Dante hadn’t called or texted with an explanation. He hadn’t popped over to my apartment as a man or a demon to even say sorry.
Silence.
The thing I’d always existed in with sad resolve, the thing I’d come to see as safety with him, now strangled me.
Because that safety was a lie, too.
An amazing, comfortable, heart-shattering lie.
“I love him,” I whimpered pitifully.
Bradley’s grip on my thigh tightened, but the one on my cheek remained soft.
“It sucks when someone you love leaves you. I get it. You did that to me, remember? So I know best what you’re going through.
I know how much it hurts when you did everything right but were still told it wasn’t good enough.
I’m here for you, Serenity. I’ll always be here.
So come back to me now, Dollface. I’m the only one who can give you the love you deserve. ”

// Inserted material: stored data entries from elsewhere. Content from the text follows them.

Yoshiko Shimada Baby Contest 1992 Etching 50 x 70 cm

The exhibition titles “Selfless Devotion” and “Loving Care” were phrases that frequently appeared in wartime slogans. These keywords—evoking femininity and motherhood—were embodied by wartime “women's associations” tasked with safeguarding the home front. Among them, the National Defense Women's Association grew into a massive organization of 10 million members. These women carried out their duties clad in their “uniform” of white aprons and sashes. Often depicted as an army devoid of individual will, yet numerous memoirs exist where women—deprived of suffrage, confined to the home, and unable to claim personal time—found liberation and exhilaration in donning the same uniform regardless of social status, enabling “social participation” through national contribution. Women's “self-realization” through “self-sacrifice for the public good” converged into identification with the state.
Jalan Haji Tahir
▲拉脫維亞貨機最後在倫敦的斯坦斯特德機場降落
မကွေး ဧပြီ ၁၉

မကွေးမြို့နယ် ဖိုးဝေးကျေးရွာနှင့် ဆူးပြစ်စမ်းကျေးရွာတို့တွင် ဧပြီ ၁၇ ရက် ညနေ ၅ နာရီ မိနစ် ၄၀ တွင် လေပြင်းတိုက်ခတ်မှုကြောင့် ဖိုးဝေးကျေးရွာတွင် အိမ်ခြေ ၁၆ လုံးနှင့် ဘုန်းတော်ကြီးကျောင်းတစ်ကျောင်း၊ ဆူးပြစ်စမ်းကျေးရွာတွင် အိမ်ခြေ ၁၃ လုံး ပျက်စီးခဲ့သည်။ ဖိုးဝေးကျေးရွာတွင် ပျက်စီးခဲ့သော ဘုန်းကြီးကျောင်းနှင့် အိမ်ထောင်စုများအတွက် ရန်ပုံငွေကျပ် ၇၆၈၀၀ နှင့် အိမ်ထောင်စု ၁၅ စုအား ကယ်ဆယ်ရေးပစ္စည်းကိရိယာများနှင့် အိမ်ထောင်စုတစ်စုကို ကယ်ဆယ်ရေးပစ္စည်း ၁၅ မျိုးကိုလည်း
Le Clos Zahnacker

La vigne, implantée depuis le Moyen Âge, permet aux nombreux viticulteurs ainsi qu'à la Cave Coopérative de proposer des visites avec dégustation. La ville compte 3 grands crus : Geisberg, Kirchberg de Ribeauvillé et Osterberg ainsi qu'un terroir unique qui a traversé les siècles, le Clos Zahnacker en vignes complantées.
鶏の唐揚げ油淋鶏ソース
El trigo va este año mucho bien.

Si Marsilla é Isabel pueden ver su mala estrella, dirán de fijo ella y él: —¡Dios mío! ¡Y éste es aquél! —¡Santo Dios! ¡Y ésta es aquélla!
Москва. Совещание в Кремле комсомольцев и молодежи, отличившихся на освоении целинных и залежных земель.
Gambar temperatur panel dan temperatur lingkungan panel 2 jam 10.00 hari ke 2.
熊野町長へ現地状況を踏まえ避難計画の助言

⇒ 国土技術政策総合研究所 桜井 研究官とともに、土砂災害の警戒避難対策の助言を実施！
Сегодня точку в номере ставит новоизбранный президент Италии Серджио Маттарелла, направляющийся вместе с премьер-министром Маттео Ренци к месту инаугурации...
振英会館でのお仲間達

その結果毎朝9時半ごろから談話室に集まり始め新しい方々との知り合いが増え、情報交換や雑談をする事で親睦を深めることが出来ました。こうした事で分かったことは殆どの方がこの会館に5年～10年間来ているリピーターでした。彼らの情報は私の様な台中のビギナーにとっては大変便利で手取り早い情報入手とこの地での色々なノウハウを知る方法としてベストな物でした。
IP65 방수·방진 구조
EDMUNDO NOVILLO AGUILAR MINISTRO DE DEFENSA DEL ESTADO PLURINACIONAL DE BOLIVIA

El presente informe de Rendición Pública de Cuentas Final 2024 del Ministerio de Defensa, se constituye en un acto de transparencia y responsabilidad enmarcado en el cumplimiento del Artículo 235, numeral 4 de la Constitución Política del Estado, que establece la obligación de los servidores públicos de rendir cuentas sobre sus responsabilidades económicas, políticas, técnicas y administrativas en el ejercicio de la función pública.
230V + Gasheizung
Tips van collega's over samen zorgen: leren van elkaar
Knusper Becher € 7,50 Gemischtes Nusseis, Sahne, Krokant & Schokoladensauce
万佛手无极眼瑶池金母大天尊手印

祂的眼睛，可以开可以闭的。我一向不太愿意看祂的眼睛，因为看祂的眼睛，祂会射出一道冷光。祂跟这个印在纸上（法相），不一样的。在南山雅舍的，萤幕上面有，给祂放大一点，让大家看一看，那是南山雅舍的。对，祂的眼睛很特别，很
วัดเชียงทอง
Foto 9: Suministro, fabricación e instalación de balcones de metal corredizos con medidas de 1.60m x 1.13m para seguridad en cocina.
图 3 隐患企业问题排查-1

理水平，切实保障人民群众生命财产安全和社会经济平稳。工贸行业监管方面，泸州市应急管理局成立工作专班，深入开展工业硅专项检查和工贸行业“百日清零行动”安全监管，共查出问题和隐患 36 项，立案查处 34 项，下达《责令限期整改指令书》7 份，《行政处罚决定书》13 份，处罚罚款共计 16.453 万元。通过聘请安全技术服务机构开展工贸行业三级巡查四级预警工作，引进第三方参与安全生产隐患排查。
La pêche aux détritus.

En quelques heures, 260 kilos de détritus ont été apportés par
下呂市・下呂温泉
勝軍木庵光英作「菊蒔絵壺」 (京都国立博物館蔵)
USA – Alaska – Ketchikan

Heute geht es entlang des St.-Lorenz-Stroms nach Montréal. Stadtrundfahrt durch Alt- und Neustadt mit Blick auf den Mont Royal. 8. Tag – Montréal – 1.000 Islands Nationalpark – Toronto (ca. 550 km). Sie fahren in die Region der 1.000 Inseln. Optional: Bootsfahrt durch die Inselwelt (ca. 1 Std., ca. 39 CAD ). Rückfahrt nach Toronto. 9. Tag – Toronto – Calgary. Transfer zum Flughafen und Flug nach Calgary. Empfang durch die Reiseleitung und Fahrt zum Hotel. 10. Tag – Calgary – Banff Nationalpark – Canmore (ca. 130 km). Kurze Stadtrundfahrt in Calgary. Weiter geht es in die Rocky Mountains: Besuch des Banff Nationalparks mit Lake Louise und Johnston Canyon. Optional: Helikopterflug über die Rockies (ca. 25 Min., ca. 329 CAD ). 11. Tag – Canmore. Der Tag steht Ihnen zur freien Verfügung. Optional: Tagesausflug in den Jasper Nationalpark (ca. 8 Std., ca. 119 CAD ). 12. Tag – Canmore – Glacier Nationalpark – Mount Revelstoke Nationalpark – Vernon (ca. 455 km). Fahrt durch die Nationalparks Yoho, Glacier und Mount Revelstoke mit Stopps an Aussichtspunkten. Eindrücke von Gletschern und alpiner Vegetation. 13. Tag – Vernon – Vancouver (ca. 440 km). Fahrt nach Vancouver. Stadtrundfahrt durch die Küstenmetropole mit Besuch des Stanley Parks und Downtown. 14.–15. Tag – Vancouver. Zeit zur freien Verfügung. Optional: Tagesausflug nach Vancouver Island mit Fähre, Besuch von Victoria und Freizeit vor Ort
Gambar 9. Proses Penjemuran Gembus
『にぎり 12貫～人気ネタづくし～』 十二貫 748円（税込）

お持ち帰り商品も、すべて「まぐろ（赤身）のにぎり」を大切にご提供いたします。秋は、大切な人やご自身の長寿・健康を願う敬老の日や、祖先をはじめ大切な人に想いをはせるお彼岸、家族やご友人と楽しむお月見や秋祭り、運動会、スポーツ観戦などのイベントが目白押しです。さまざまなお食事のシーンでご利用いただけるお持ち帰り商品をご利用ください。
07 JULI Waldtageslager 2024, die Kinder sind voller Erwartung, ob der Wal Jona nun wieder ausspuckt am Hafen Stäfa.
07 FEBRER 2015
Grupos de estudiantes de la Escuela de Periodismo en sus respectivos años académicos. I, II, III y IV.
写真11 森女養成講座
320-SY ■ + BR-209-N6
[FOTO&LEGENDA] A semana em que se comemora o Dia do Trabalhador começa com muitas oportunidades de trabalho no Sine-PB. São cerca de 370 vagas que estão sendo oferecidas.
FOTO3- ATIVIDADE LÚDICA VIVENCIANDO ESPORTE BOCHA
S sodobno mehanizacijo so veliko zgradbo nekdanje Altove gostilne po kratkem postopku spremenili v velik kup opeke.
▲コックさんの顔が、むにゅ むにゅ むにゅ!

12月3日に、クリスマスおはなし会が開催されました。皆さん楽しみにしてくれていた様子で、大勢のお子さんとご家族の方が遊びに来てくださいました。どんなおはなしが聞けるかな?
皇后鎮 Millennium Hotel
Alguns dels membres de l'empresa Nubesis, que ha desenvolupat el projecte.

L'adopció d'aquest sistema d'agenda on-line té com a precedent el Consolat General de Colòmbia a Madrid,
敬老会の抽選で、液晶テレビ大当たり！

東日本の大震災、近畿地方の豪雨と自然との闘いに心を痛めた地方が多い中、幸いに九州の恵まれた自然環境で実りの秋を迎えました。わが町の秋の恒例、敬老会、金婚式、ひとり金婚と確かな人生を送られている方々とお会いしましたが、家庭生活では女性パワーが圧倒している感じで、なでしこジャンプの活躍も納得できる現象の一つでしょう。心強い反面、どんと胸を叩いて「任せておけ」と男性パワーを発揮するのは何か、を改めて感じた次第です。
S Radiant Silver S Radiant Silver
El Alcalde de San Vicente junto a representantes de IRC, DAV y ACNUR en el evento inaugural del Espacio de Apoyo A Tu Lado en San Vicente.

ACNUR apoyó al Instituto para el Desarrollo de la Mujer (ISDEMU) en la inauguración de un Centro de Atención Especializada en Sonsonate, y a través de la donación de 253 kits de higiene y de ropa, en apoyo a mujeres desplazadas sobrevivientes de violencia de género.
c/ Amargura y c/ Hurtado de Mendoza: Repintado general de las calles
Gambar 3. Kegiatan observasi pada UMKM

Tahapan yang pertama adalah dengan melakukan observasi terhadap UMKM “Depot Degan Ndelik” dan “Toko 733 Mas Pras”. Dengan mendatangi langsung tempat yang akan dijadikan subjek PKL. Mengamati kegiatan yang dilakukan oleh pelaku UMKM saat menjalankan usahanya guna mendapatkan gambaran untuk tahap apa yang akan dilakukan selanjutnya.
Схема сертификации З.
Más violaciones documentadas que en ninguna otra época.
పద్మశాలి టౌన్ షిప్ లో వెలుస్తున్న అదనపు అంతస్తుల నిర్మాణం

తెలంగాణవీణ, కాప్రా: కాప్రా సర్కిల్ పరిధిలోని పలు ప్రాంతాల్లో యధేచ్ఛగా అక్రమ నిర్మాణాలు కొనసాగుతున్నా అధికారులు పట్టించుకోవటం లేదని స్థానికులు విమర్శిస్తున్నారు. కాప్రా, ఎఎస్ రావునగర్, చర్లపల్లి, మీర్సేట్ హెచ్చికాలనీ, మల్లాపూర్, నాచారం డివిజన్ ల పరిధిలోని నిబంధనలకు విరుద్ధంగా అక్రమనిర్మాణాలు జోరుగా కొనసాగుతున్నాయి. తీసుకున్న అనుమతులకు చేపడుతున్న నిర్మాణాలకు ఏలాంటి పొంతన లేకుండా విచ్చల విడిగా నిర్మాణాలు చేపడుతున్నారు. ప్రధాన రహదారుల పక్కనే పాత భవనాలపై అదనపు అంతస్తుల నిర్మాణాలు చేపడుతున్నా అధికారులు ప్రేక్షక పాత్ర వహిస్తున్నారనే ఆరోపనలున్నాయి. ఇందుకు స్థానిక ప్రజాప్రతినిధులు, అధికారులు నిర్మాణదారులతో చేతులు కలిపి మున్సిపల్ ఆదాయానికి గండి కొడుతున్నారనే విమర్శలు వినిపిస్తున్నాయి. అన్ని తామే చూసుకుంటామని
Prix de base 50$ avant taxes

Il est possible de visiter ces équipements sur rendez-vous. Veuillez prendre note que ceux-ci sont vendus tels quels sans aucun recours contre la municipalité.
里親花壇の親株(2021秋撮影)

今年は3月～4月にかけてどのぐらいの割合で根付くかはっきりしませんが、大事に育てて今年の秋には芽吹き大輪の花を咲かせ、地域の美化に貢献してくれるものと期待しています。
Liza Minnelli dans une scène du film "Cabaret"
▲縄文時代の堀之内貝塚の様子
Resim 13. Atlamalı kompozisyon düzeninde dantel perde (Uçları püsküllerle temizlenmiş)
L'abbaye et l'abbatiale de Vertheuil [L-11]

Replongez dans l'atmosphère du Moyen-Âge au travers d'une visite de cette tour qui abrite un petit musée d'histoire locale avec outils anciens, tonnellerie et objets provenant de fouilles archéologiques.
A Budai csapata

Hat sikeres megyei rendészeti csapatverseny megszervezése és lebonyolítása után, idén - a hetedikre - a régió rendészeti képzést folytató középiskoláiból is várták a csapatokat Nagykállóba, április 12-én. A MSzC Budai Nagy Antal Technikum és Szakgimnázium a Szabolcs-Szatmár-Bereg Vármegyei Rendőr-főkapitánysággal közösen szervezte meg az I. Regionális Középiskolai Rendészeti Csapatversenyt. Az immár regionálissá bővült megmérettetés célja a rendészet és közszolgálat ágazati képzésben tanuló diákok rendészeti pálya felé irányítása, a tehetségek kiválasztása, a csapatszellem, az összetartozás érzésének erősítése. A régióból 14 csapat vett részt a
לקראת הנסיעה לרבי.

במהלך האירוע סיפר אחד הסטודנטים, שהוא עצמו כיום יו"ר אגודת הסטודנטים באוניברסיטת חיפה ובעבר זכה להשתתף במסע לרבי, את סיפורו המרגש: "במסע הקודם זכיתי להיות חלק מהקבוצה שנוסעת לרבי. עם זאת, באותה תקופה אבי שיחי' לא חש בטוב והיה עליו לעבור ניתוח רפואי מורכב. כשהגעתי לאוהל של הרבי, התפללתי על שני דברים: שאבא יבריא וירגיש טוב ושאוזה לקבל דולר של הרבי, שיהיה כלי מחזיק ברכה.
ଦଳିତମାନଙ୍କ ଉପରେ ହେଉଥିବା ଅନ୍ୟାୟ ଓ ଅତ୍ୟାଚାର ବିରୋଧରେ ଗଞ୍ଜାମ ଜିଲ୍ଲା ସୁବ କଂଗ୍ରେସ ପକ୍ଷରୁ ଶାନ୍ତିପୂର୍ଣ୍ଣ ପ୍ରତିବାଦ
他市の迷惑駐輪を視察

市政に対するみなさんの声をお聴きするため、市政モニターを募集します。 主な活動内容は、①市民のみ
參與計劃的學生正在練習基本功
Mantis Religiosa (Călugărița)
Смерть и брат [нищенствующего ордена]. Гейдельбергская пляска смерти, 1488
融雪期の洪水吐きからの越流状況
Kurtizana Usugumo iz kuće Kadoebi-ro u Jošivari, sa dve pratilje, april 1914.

I stared into his eyes and let his words drift into the hole in my chest. The dark wound sucked up the words like it was trying to cling to anything that could possibly fill in the crater.
But instead of packing in the opening, it swallowed the words like a void, sending them up to my head with a dark voice.
This is what you deserve.
An empty love like his is what a worthless husk gets.
I closed my eyes and hung my head, surrendering to the haunting voice. Tears rolled down my cheeks, and Bradley pulled me off my chair to hold me in the floor behind my desk.
“I know, I know,” he cooed, rocking me gently. “It’s going to be okay now. I’ve got you, Dollface. I’ve finally got you.”